月亮在天上陪着紫珏,把她的影子拉得很长很长,亦步亦趋的跟着她一路行到园子里。
“表妹也睡不着?”
夏承勤的声音在不远处传过来·紫珏抬头才看到他坐在暖阁里饮酒·便行过去推门而入:“我以为你早就回去了。”
“回去做什么,听长辈们长篇大论的训斥吗?”夏承勤苦笑:“说实话·我真得不想被人斥骂,还是能躲得一时是一时。”
他伸手相让:“坐下·今天的月色很不错,正可以下酒;天气也冷,表妹还是吃两杯,不贪杯酒还算是个好东西。”
紫珏坐下看到桌上还有一副碗筷:“原来是和佳人一起,我就太过唐突了。”她认为夏承勤是和兰儿一起赏月。
夏承勤瞪她一眼:“你也来取笑我—水兄走开去取好酒了,他说有一坛酒是他藏了好几年的,今天打开让我尝尝。”
紫珏没有动酒:“我还是不吃了,真得不是什么好东西。”拿起茶给自己倒了一杯:“听刚刚表哥的话,也是睡不着?”

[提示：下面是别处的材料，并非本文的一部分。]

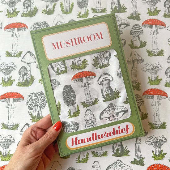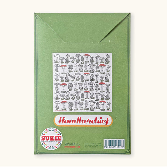 A fun handkerchief design of assorted fungi, illustrated by Darrell & screen printed onto lovely soft 100% cotton. They come packaged in a decorative envelope for the perfect gift!
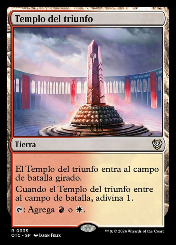 | Rules | Temple of Triumph enters the battlefield tapped. When Temple of Triumph enters the battlefield, scry 1. : Add or . |
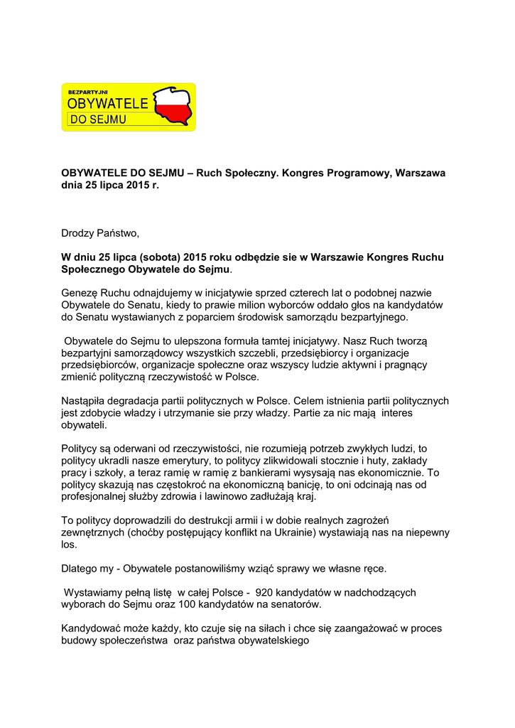 OBYWATELE DO SEJMU – Ruch Społeczny. Kongres Programowy, Warszawa dnia 25 lipca 2015 r. Drodzy Państwo, W dniu 25 lipca (sobota) 2015 roku odbędzie sie w Warszawie Kongres Ruchu Społecznego Obywatele do Sejmu. Genezę Ruchu odnajdujemy w inicjatywie sprzed czterech lat o podobnej nazwie Obywatele do Senatu, kiedy to prawie milion wyborców oddało głos na kandydatów do Senatu wystawianych z poparciem środowisk samorządu bezpartyjnego. Obywatele do Sejmu to ulepszona formuła tamtej inicjatywy. Nasz Ruch tworzą bezpartyjni samorządowcy wszystkich szczebli, przedsiębiorcy i organizacje przedsiębiorców, organizacje społeczne oraz wszyscy ludzie aktywni i pragnący zmienić polityczną rzeczywistość w Polsce. Nastąpiła degradacja partii politycznych w Polsce. Celem istnienia partii politycznych jest zdobycie władzy i utrzymanie sie przy władzy. Partie za nic mają interes obywateli. Politycy są oderwani od rzeczywistości, nie rozumieją potrzeb zwykłych ludzi, to politycy ukradli nasze emerytury, to politycy zlikwidowali stocznie i huty, zakłady pracy i szkoły, a teraz ramię w ramię z bankierami wysysają nas ekonomicznie. To politycy skazują nas częstokroć na ekonomiczną banicję, to oni odcinają nas od profesjonalnej służby zdrowia i lawinowo zadłużają kraj. To politycy doprowadzili do destrukcji armii i w dobie realnych zagrożeń zewnętrznych (choćby postępujący konflikt na Ukrainie) wystawiają nas na niepewny los. Dlatego my - Obywatele postanowiliśmy wziąć sprawy we własne ręce. Wystawiamy pełną listę w całej Polsce - 920 kandydatów w nadchodzących wyborach do Sejmu oraz 100 kandydatów na senatorów. Kandydować może każdy, kto czuje się na siłach i chce się zaangażować w proces budowy społeczeństwa oraz państwa obywatelskiego Jesteśmy zwykłymi obywatelami i wprowadzimy korzystne dla nas zmiany, między innymi: zniesienie finansowania partii politycznych z budżetu państwa Patologiczna jest bowiem sytuacja, gdy wyborca głosujący na partię x, finansuje również partię y , czy z. Opowiadamy się za zasadnicza reformą podatków, niedopuszczalna jest bowiem sytuacja, że wielkie sieci handlowe - obcy kapitał nie płaca grosza podatku dochodowego w Polsce. Nie może być tak, że miliardy złotych transferowane są z Polski za granicę. Zniesiemy podatek CIT oraz podatek PIT u osób prowadzących działalność gospodarczą, w zamian za wprowadzenie niskooprocentowanego podatku przychodowego, od 1% (handel), 1,5% (produkcja) do 2% (usługi) od przychodów netto. Obniżymy podstawową stawkę podatku VAT do poziomu 19 % Większość uczestników Ruchu Obywatele do Sejmu uważa, że należy wprowadzić ordynację większościową w oparciu o jednomandatowe okręgi wyborcze, ale szanujemy zdanie mniejszości w tym zakresie. Zreformujemy system wymiaru (nie) sprawiedliwości Kongres Programowy Ruchu Obywatele do Sejmu odbędzie się w dniu 25 lipca b.r. w Warszawie. Serdecznie Państwa zapraszamy. Prosimy kierować zgłoszenia do uczestnictwa w Kongresie na: [email protected] Zapraszamy Wojciech Papis Koordynator Ruchu Obywatele do Sejmu
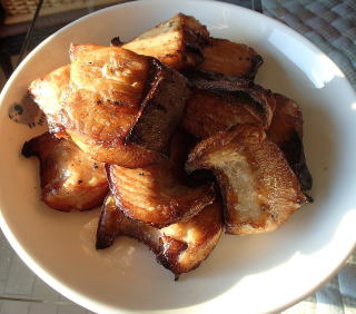 午前中、お屠蘇のセットやお雑煮用のお椀を出してきて、お鏡の飾りもつけた。早めに風呂にも入って、昼からブリを焼いた。我が家のブリの照り焼きは娘たちや客人から好評をいただいている。特にレシピが変っているわけではない。スーパーでブリの切り身を買ってきて、それを食べやすいように半分に切り、酒と醤油で下味をつける。焼くのはガスレンジのお魚グリルだが、受け皿には水ではなく、小さく砕いた備長炭を入れてある。現役時代、石炭事業部の子会社「やまよ商事」が販売している「お魚びんちょう」というのを試したところ、ふっくらと焼けることが分かった。それ以来、社内販売で調達した「お魚びんちょう」を使っている。
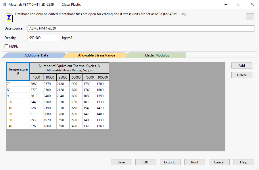 The "Add" and "Save" buttons are disabled if the file is read-only or if the stress units are not set to MPa.
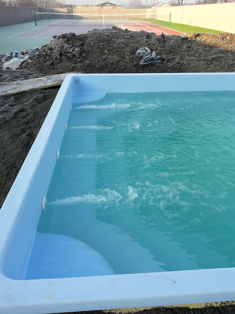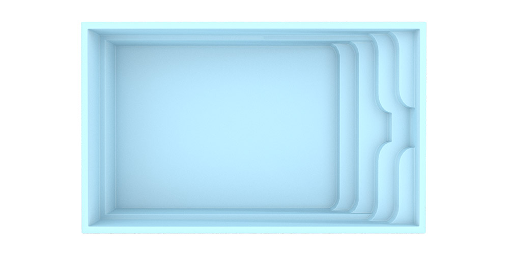 PROCES PROIZVODNJE/SLOJEVI: Priprema kalupa > Dupli sloj Gelcoat-a u boji > Antiosmozni sloj > Konstrukcija od staklenih mata sa vinilester i poliester smolama > Rowing ojačanja i metalna ojačanja > Poliuretanska izolacija > Završna obrada rubova > Rezanje otvora i ugradnja opreme na bazen
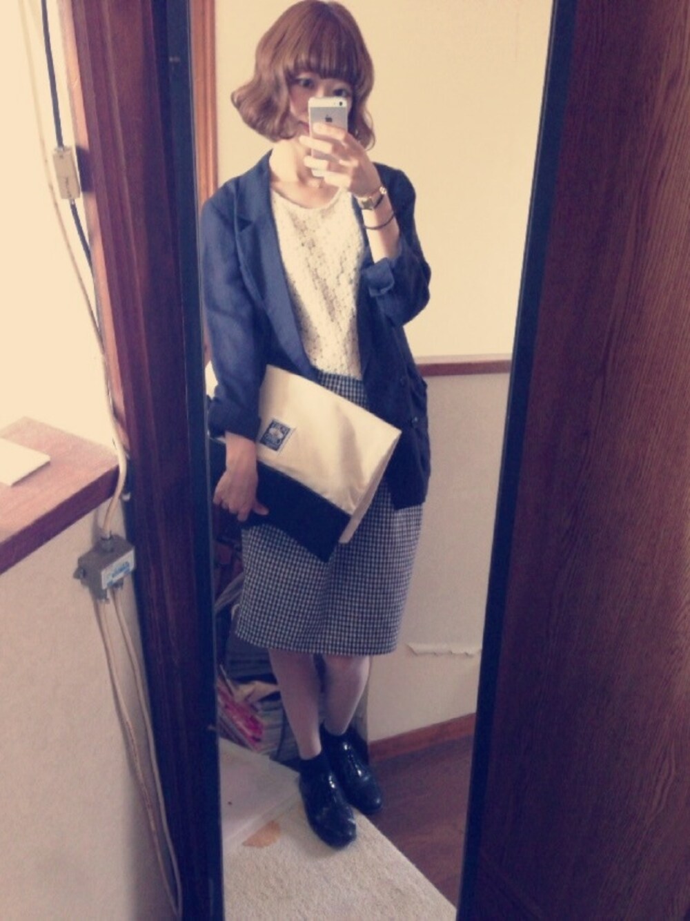 ぽよんぬのスカート「!KBF ギンガムチェックスカート」を使ったコーディネート
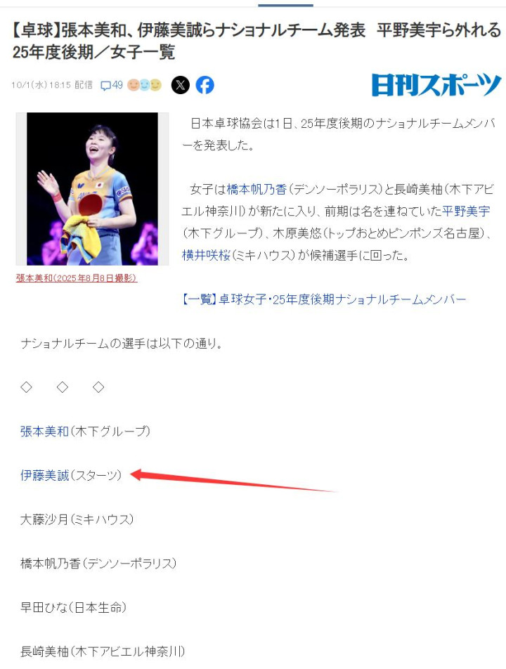 虽然伊藤美诚的状态在走低,但日本乒协并没有放弃他,刚刚公布的2025下半年日乒女队一队的名单:张本美和、伊藤美诚、大藤沙月、桥本帆乃香、早田希娜、长崎美柚。
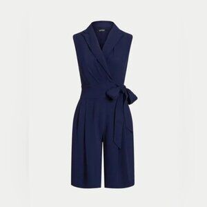 Lauren Ralph Lauren Belted Georgette Sleeveless Romper Refined Navy Size 10
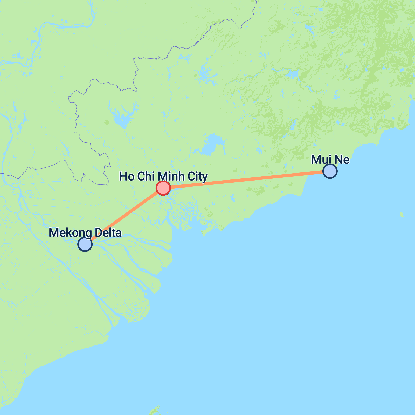 Ho Chi Minh City - Mui Ne. We transfer to Mui Ne by private car with our guide – a journey of approximately 3.5 to 4 hours. The rest of the day is at leisure in Mui Ne.
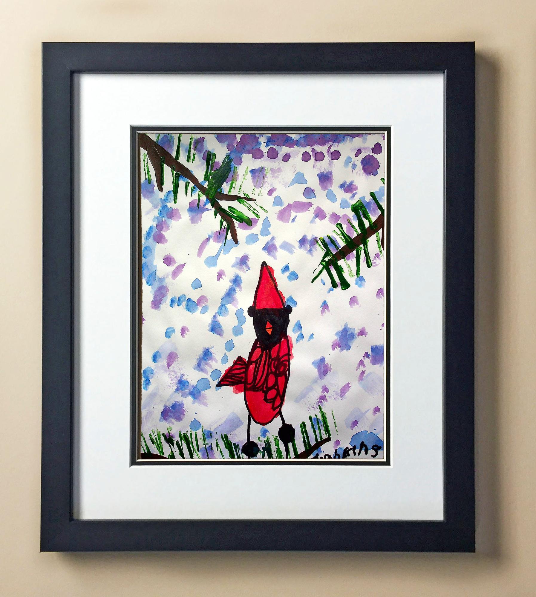 Included with the purchase is the Students Artwork, Frame, double matboard, shatter proof plexiglass, and a ready to hang backerboard with turnbuttons
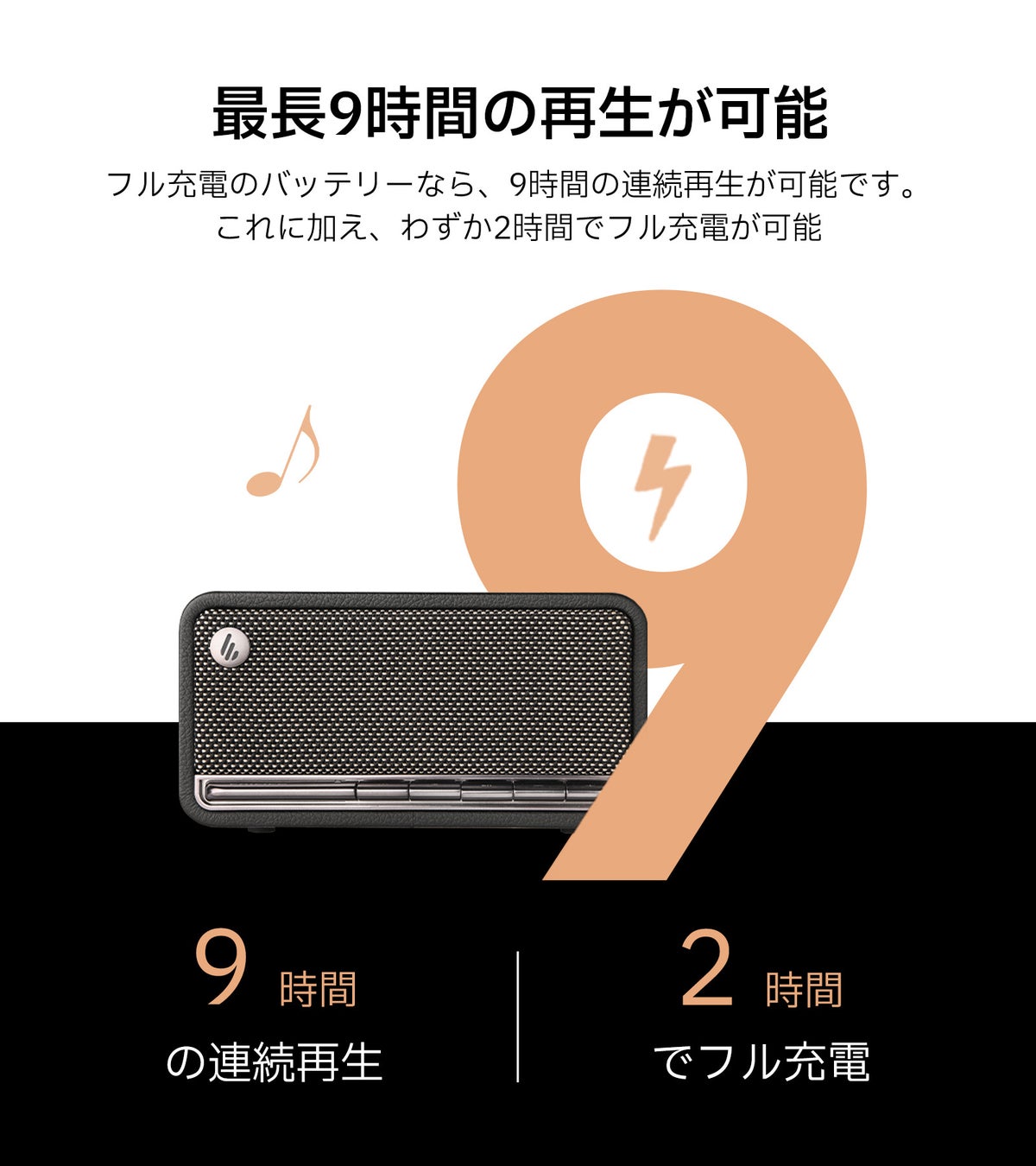 2600mAhの大容量リチウムイオンバッテリーを内蔵しており、一度のフル充電で最大10時間の連続再生が可能です。この長時間バッテリーライフにより、自宅はもちろん、アウトドアでの使用や、友人との集まりなど、さまざまなシチュエーションで気軽に持ち運び、お気に入りの音楽をどこでも楽しむことができます。
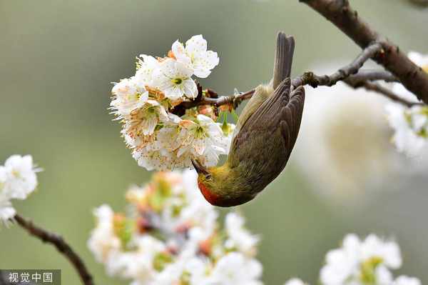 2023年3月10日,贵阳,贵州省财经大学校园里的樱桃花竞相绽放,各种鸟儿在花丛间驻足、觅食、嬉戏,春意盎然。
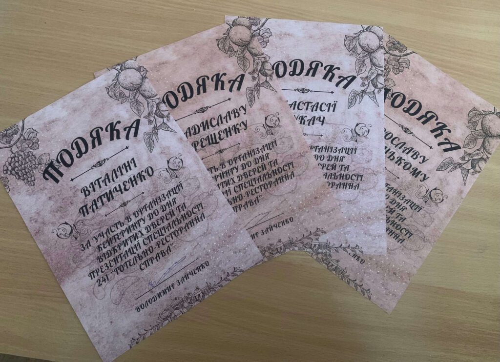 Сьогодні кафедра урочисто відзначила здобувачів вищої освіти подяками за їхню важливу участь в організації заходів, допомогу в кейтерингу, активну присутність на днях відкритих дверей та професійне представлення навчальних дисциплін. Особливу увагу було приділено презентації нової спеціальності 241 «Готельно-ресторанна справа», яка вже привертає увагу абітурієнтів.
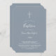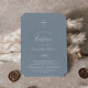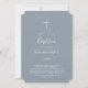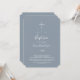 This minimal leaf blue and white baptism invitation is perfect for an elegant baby baptism. The design features a simple greenery silhouette in white on a dusty blue background with classic minimalist style.
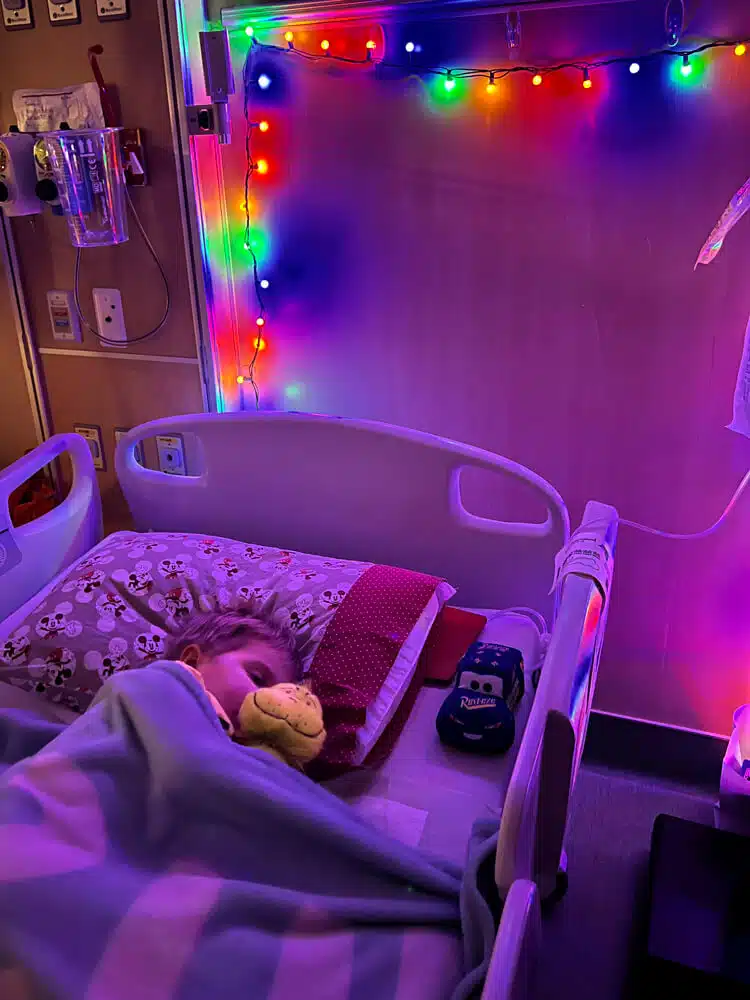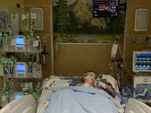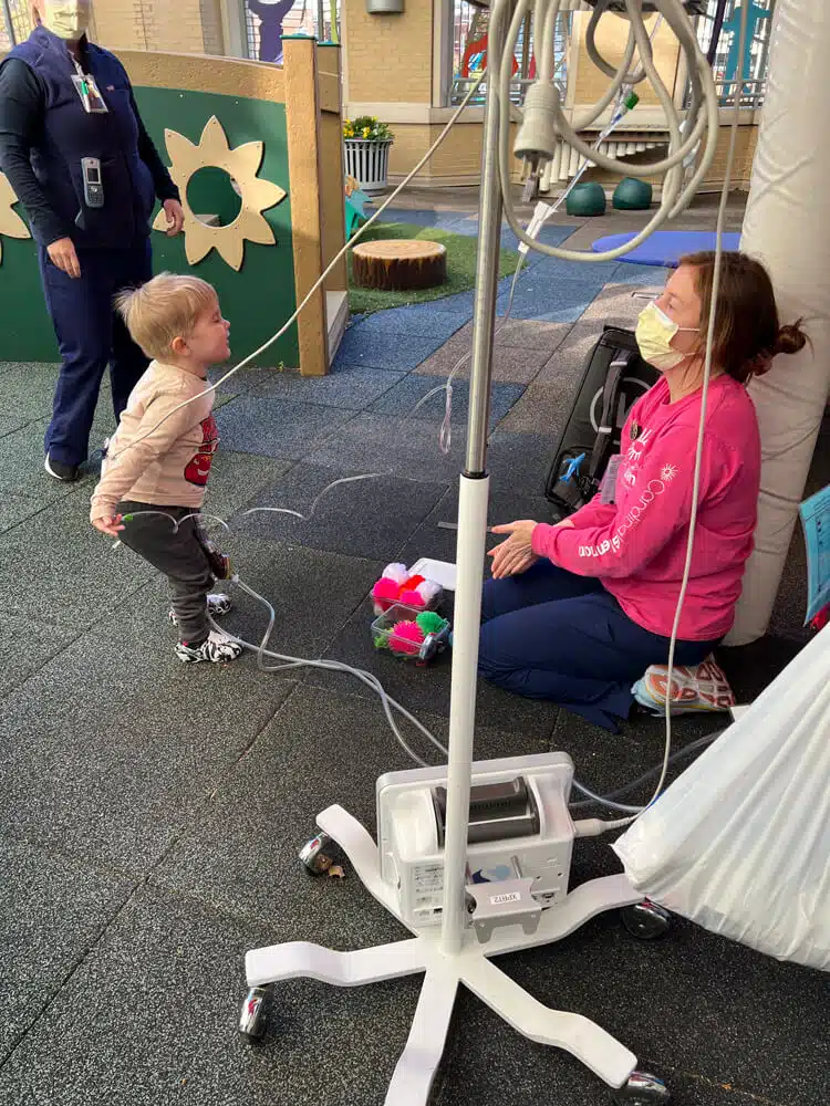Graham would remain in the hospital until a heart transplant was available. “We were told we could be waiting anywhere from 6-12 months,” Tori said. The weeks following Graham’s BiVAD placement surgery were a roller coaster and brutal. They were filled with chest tubes, central lines, nasogastric tubes, withdrawal symptoms from pain medications, fluid imbalances, and so many other challenging things too numerous to list. Despite these hurdles, the blessings were great. Graham was able to transition to the Berlin heart (a type of BIVAD with shorter external tubing and pulsatile flow, allowing greater mobility and temperature regulation) on July 5th. The entire staff- nurses to occupational therapists, physical therapists, Child Life therapists, and more – remained creative, innovative, and vigilant in their efforts to keep Graham safe, mobile, and entertained. Surgical recovery transitioned to navigating weeks and months of “life” in the Pediatric Intensive Care Unit.

夏承勤站起来走到窗边:“也没有什么,只是天天这样在后宅厮混,心里头有些烦闷;很羡慕万里兄啊,能去边关一展报负。”
紫珏拿着茶盏走过去:“原来表哥是有大志向的,为什么······”
“我是庶子。”夏承勤的声音有些低,然后转头一笑打起精神来:“为何说这些了——你又是为什么睡不着的?不会是要定亲了太过欢喜?”
紫珏瞪他一眼:“睡不着就是睡不着,能有什么原因?”她说完就要喝茶,急急的样子仿佛是在掩饰什么;却没有注意到自己的衣带勾在窗子上,茶盏就在手里滑了出去。
在大氅上一路滚落到地上,和地面相撞茶盏发出不大的声响,倒是并没有跌破;只是紫珏的大氅便被茶水弄湿了。
她皱着眉头:“真是越来越笨了。”
夏承勤看着紫珏摇摇头:“我看你是心里烦才是真得;这种天气可穿不得那湿衣,快脱下来。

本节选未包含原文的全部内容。